If this series were $(2) \sum_{n=1}^\infty \frac{\sin(n)}{\sqrt{n}}$, then it converges by the Dirichlet test because partial sums of $\sin(n)$ are bounded and $1/\sqrt{n}$ decreases monotonically to $0$.
The difficulty I have is that $\sqrt{n}+ \sin(n)$ in the denominator is not monotonic and $\sin(n)$ in the numerator changes sign.
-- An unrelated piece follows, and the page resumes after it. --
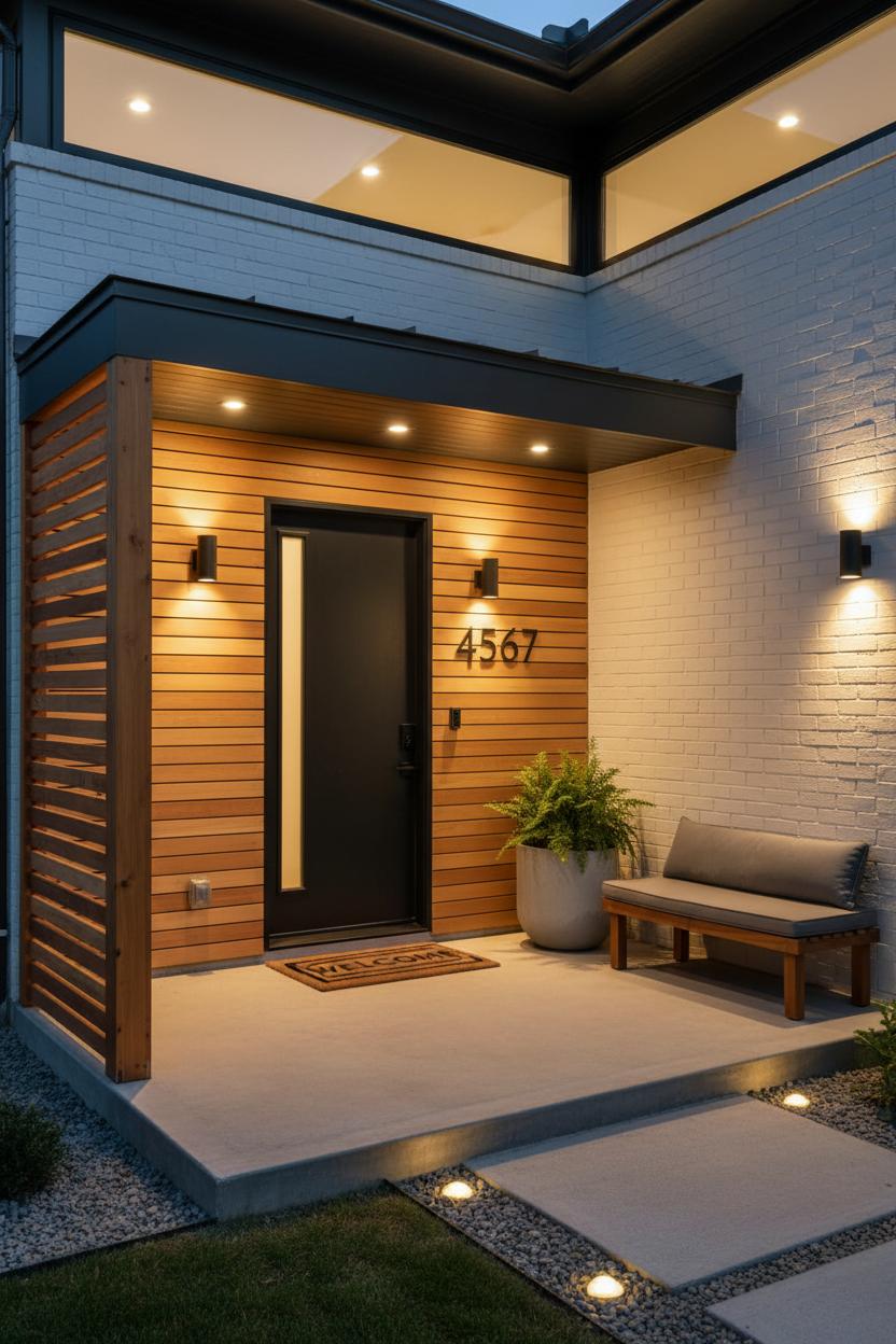 The magic is in the details you layer underneath. Exterior wall lights wash the cladding and make the entry glow at dusk; landscape pathway lights stitch the route from sidewalk to stoop with low, twinkly safety. Swap in modern house numbers sized to read from the street and coordinate them with upgraded front door hardware—think a matte black lever with a smart deadbolt, or unlacquered brass that picks up warm wood tones. Keep a simple materials palette that repeats—metal canopy, matching fixtures, and a note of wood slat cladding—to make small elements feel intentional, not busy. Even compact porches benefit from a slim bench, a planter tucked under the overhang, and a doormat that fills the landing. These are front facade design moves that punch up curb appeal without a full remodel: thoughtful shade, a defined threshold, and lighting that beckons. The result is a home that looks composed from the street and lives better at the door.

But the denominator is bracketed by monotonic sequences $\sqrt{n} – 1 \leq \sqrt{n} + \sin(n) \leq \sqrt{n} + 1$ and it seems possible to adapt the Dirichlet test.
Can this be done to prove convergence of (1) or is there a more general approach that I am not aware of?
Best Answer
Let me help you with this one.
We can rewrite the following expression as follows: $$ \sum_{n=1}^\infty {\sin(n)}\cdot(\sin(n)+n^{1/2})^{-1} \tag{1} $$ then we can take $n^{1/2}$ out and write it like $$ \sum_{n=1}^\infty {\frac{\sin(n)}{n^{1/2}}}\cdot\left (1+\frac{\sin(n)}{n^{1/2}}\right)^{-1}\tag{2} $$ now we can apply the taylor series like $$ \sum_{n=1}^\infty {\frac{\sin(n)}{n^{1/2}}}\cdot\left(1-\frac{\sin(n)}{n^{1/2}} + O\left(\frac{1}{n}\right)\right)\tag{3}$$
from here you can solve it, first one converges by Dirichlet, second one diverges, third one converges.